I forked this repo and began the refactoring in brach "refactor": https://github.com/sgelb/refugeePhrasebookCreator/tree/refactor. Right now, the fork does not work, but I think you can see the direction I'm taking so far.

I have a lot of other questions and suggestions, but for now, this is enough. Does this make any sense? Would it help? What do you think?


Reply to this email directly or view it on GitHub: https://github.com/refugee-phrasebook/backendscripts/issues/46

sgelb commented 9 years ago

Hello,

thank you for your answers.

I've done some work on my version and would be happy to get some feedback. Have a look at https://github.com/sgelb/refugeePhrasebookCreator. Although there are still a lot of things to do, I would consider it usable and a solid base for further development.

Main features:

Features lacking:

I'd be happy if we could merge our efforts. How should we proceed?
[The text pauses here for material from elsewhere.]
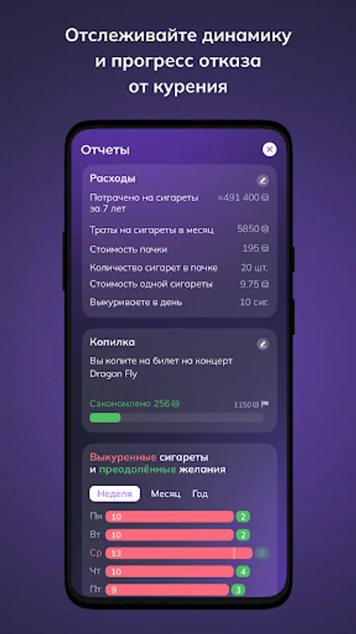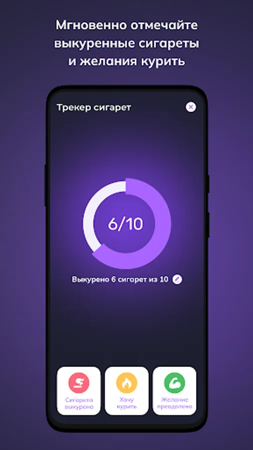 — Creation and customization of your avatar, which lives the entire path of quitting smoking with you

michal-fre commented 9 years ago

Hello sgelb,

i like it and i would like to reuse parts of it.

Before i can do this: Licensing is MIT (https://github.com/refugee-phrasebook/refugee-phrasebook.github.io/blob/master/LICENSE.md)

Maybe it's time to explain some of my thoughts

I will create issues from this as it's just a long list we can split in single tasks.
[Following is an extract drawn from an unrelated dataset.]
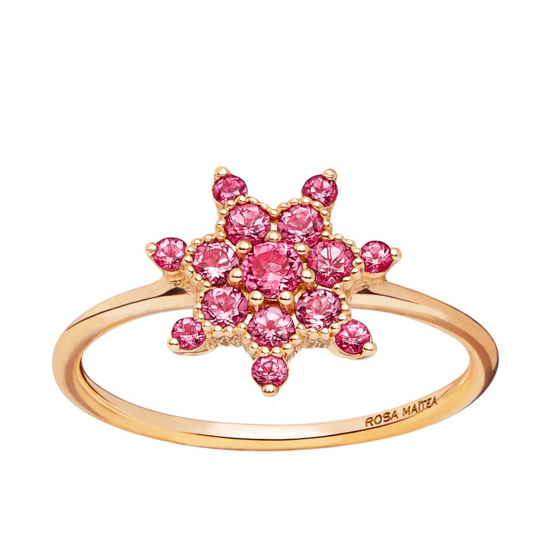 La estrella mide 14 mm de altura y está compuesta por 15 espinelas de color rosa intenso de 0,505 quilates. El diámetro de la estrella es de 10,7 m. El anillo está fabricado en oro reciclado de 18 quilates, pesa 2,11 gy tiene un diámetro de 1,3 mm.

sgelb commented 9 years ago

My thoughts. I'll number them for better referencing.

  1. I prefer to split tasks in functions, not files. This also allows a better use of variables to handle data in memory instead of needing to write and read to/from files between tasks.
  2. Writing the same code again and again is no good style, very painful to maintain and makes it hard for others to get into the code. I'd prefer to check for required program versions and output an error message instead of rewriting a lot of code for each plattform. The used tools should work the same on Linux and OS X, this can be ensured by checking the versions. For example, OS X comes with feature lacking versions of sed (see your tab problem) and grep (no support for pcre). Installing the GNU-versions solves those problems.
  3. declare -A requires Bash 4
  4. Keeping temporary data to avoid reloading data makes sense to save bandwith. Other than that, I don't see any real benefit. On my 6 year old computer, creating the phrasebook Basic conversation for refugees with 5 languages and over 500 columns takes ~13 seconds in total: downloading (~4s) , parsing (~1s) and rendering the pdf (~8s). Even if it took just 0.1 second it would take 2.4 days to create 2118760 versions, so speed is not really a matter.
  5. Supporting other (text-)formats like mediawiki should be easy.
  6. I thought about language detection and came to two conclusions:
    • Users need an easy way to choose the languages to include. For this, a header row with ISO-639 data is very useful, but using the already provided row of (sometimes incorrect) language names should be sufficient and saves the work to manually alter all the spreadsheets.
    • For correct rendering in Tex, we don't really care about the language, it's about the writing system/alphabet. I think this problem is solved in my script, see the comment
  7. FreeSerif from GNU FreeFonts is very promising. It renders at least arabic, bengali, ge'ez, cyrillic, greek and latin script. The list of supported writing systems is very long (see the right side on their page). And it's GPL3-licensed.
  8. I licensed my code under the GPLv3 and recommited the repo as it is not really a fork.

To be honest, I think our project may target the same goal, but use quite different ways. It's hard to work together without knowing each others preferences about project and code structure, goals and milestones and how to proceed together. But as these are rather small projects, I do not see any problems in running them in parallel. The worst that can happen is that users have two programs at their hand and we'll still benefit from each other.